Psych Tech - Trauma or Transcendence?
But ... regarding bioresonance research and other tech-manipulation approaches to altering consciousness for the better, everything becomes much more cloudy and as yet quite questionable. For several reasons, I choose not to comment on research I know to be happening right now regarding resonance-based brain implants and bioresonance conditioning. But in my recent novels I've attempted to explore, via mythic sci-fi fast-read drama, the very real possibility of our tech companies coming forth with computer-based psych-tech applications which broadcast a micro-symphony of frequency progressions to impact mood.
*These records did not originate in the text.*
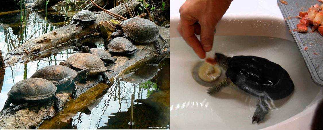 Несмотря на то что рептилии непривередливы к еде, кормить болотных черепах в домашних условиях нужно правильно, учитывая возраст. Маленьких черепашек, которые активно развиваются, кормят раз в сутки, но в террариуме должны постоянно присутствовать водоросли, пригодные для еды. Порция пищи состоит из двух или трех кусочков рыбы размером 1 см3.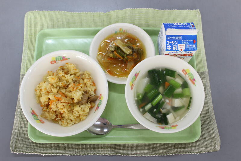 牛乳 キムチチャーハン 揚げ魚の野菜あんかけ 青ネギのスープ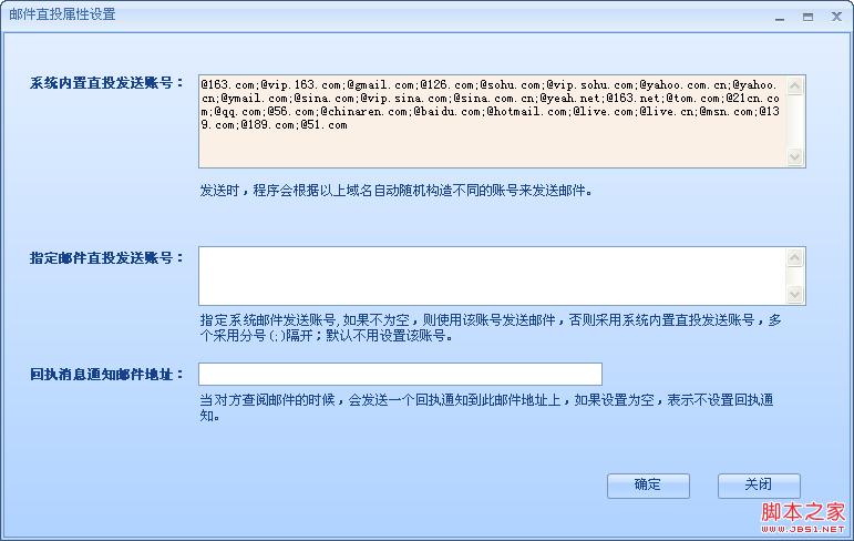 4、 邮件直投技术,通过模拟账户来附加用户的邮件地址(或者可以成为伪装)。其中我填写了一些常用的SMTP服务器的域名,方便在其中构造合乎要求的邮件格式,还可以设置邮件回执通知,如下图所示。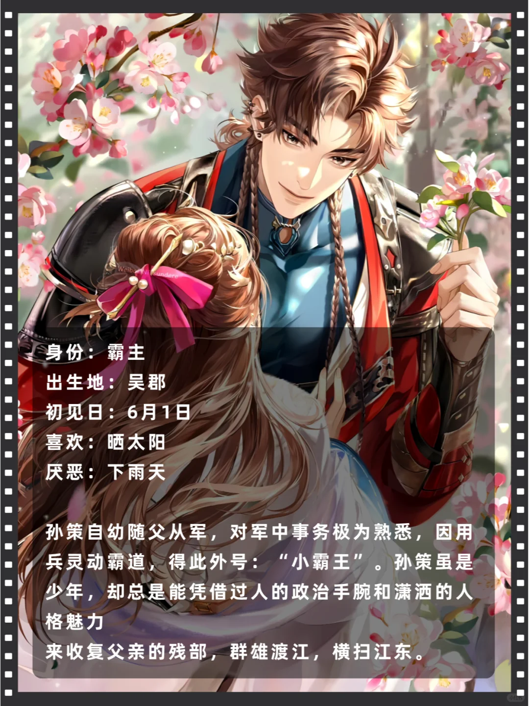 出身于徐州的官宦世家。虽是世家长子,比起坐在书卷前,更喜欢闲步于田埂间。曾多次不顾华佗禁令生食鱼脍,真是令人担忧的饮食习惯。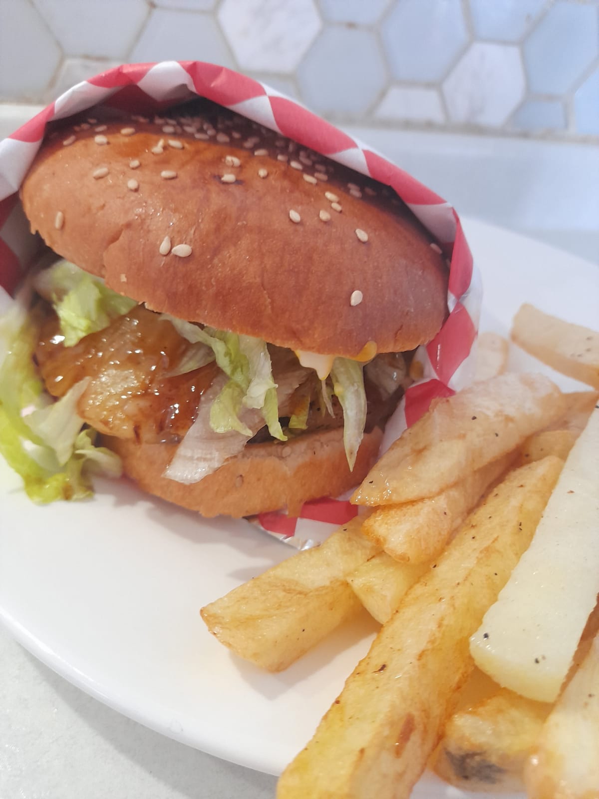 Carne de hamburgesa de 1/3 de libra, piña asada, BBQ, queso blanco, verduras y aderezos, incluye papas fritas.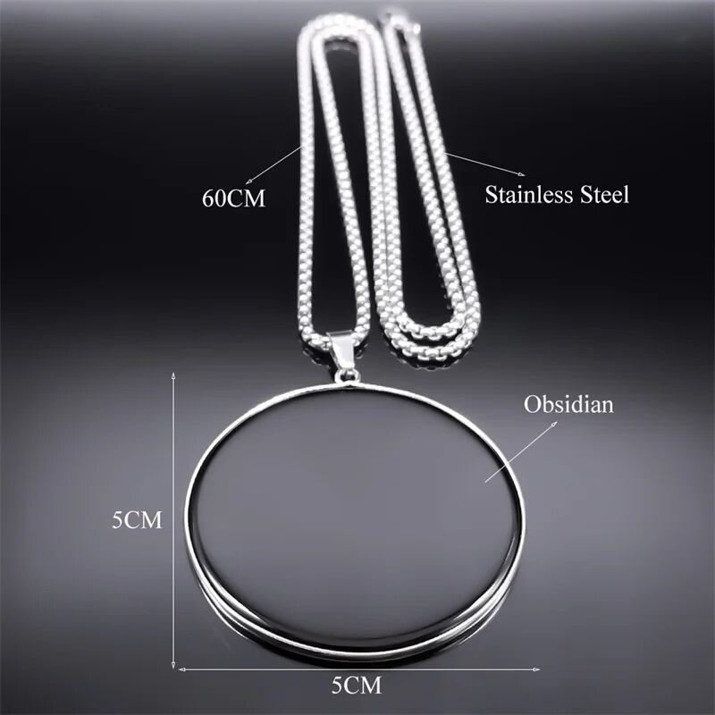 ファッション 大 黒 ブラック 黒曜石 ネックレス ステンレス スチール ナチュラル ストーン ラッキー ペンダント チェーン メンズ ジュエリー コーラー レディース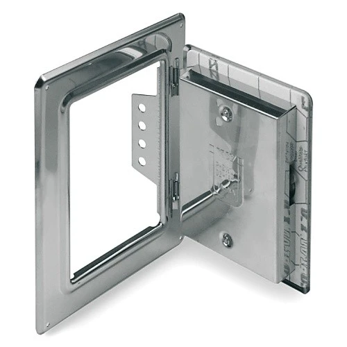 Kamintür in diversen Größen, komplett aus Edelstahl. Bestehend aus Rahmen und Türblatt, mit Schlüssel. Bauart geprüft.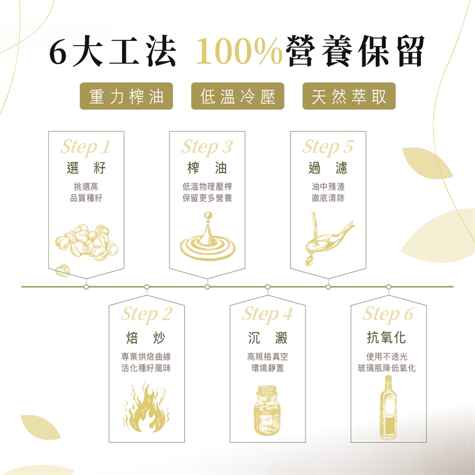 ✔️100%無添加、無萃油,只萃取第一道初榨油,保留『油』最佳的天然活動與營養。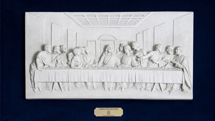 أمّا إلى رهبان القدّيس أوغسطينوس الّذين التقاهم الثّلاثاء في عنابة، فقدّم لوحة العشاء الأخير (المصنوعة من بودرة الرّخام)، للتّذكير بسرّ الإفخارستيّا ونداء عَيش الشّراكة الأخويّة.

Several fMRI studies have now documented that neural bombardment can indeed directly influence the functioning of the amygdala and other mood-regions of the brain.
In my opinion (and I welcome dissent!) we're only a few years away from Google or Novartis or some government-funded (remember Putin) outfit secretly developing equipment similar to what I outline in detail in Google Beta 3 - tech that alters a person's mood and thoughtflows from a distance without that person knowing what's happening. I wrote those plots as science fiction but we are definitely on the verge. And we all must ask - is it in fact wise to let the hectic push of emergent tech lead us blindly into messing with consciousness, without at all knowing the outcome?
I'm not a Luddite by any means - but I'm no fool. And we all know that plunging blindly through the jungle ain't what we call wise.